Result Highlights
- Asset quality: Gross slippages amounted to Rs 20.88bn (annualized slippage ratio of 3.5%) and recoveries and upgrades amounted to Rs 9.97bn
- Margin picture: NIM at 4.20% inched up 10 bp QoQ aided by lower cost of funds
- Asset growth: Advances grew 4.6%/12.4% QoQ/YoY driven sequentially by large corporates and retail loans
- Opex control: Total opex rose 3.8%/13.6% QoQ/YoY, employee expenses rose 6.2%/10.7% QoQ/YoY and other expenses rose 3.0%/14.6% QoQ/YoY
- Fee income: Core fee income rose 8.2%/9.0% QoQ/YoY driven sequentially by distribution fees and loan processing fees
Our view – Microfinance and vehicle loans continue to cause asset quality niggles
Microfinance and vehicle finance contributed the most to total slippages, which were elevated in the absolute sense but lower on sequential basis: The microfinance and vehicle finance books contributed Rs 8.15bn and Rs 5.53bn to total slippages, respectively. Annualised slippage ratio had been 4.7% in 3QFY22. Provisions were Rs 14.6bn, down by -11.5% QoQ and -21.6% YoY. The bank continues to hold contingent standard asset provisions of Rs 33.28bn. All provisions taken together provide a cover of 152% over GNPA or 3.5% of loan book. The credit cost guidance is for 120-150 bps. Restructured book was 2.6% of advances, down from 3.3% of advances.

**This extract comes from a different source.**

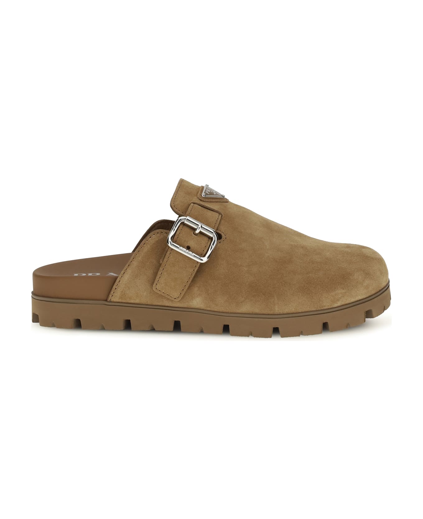 The suede mules by prada combine elegance and comfort in a minimalist and refined design. crafted from soft suede, they are embellished with the iconic metal triangle logo on the instep, which emphasizes their distinctive style. the round toe and adjustable strap ensure a comfortable and secure fit, while the logo printed on the inside adds a discreet touch of luxury. perfect for a casual yet sophisticated look. Composition: 100% % Calf Leather Bos Taurus

Management reiterated prior guidance of NIM being in the range of 410-425 bps, stating high share of fixed rate book may not be an impediment in a rising rate environment: The share of fixed rate book is about 50% of overall loan book. Despite higher share of fixed rate book, the bank still sees upward repricing in fixed rate segments when new loans come in. Furthermore, the bank will also benefit from changing loan segment mix whenever required including in favour of microfinance. Also, the share of used vehicles within overall vehicle loans has been rising, aiding yield.

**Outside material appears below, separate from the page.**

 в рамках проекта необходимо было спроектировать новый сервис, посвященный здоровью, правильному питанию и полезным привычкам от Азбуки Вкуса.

In FY23, the bank would aim to achieve growth in line with the 15-18% guidance for planning cycle 5: For the quarter, consumer finance loan growth at 5.3% QoQ outpaced wholesale loan growth of 3.8% QoQ. Within consumer finance, microfinance loans bounced back, growing 11.5% QoQ. Utility vehicle loans grew 8.3% QoQ and home, personal and gold loans grew 10.8% QoQ. Within wholesale loans, small corporate loans jumped 79% QoQ to occupy 3.7% of overall loan book.

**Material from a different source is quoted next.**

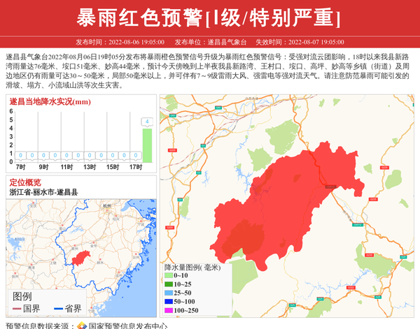 遂昌县气象台发布暴雨红色预警[Ⅰ级/特别严重] 相关文章

We maintain ‘Buy’ rating on IIB with a revised price target of Rs 1186: We value the bank at 1.8x FY23 P/BV for an FY23E/24E RoE profile of 13.7/14.5%.
Shares of IndusInd Bank Limited was last trading in BSE at Rs. 1019.00 as compared to the previous close of Rs. 978.20. The total number of shares traded during the day was 271036 in over 9399 trades.
The stock hit an intraday high of Rs. 1025.95 and intraday low of 968.00. The net turnover during the day was Rs. 274014500.00.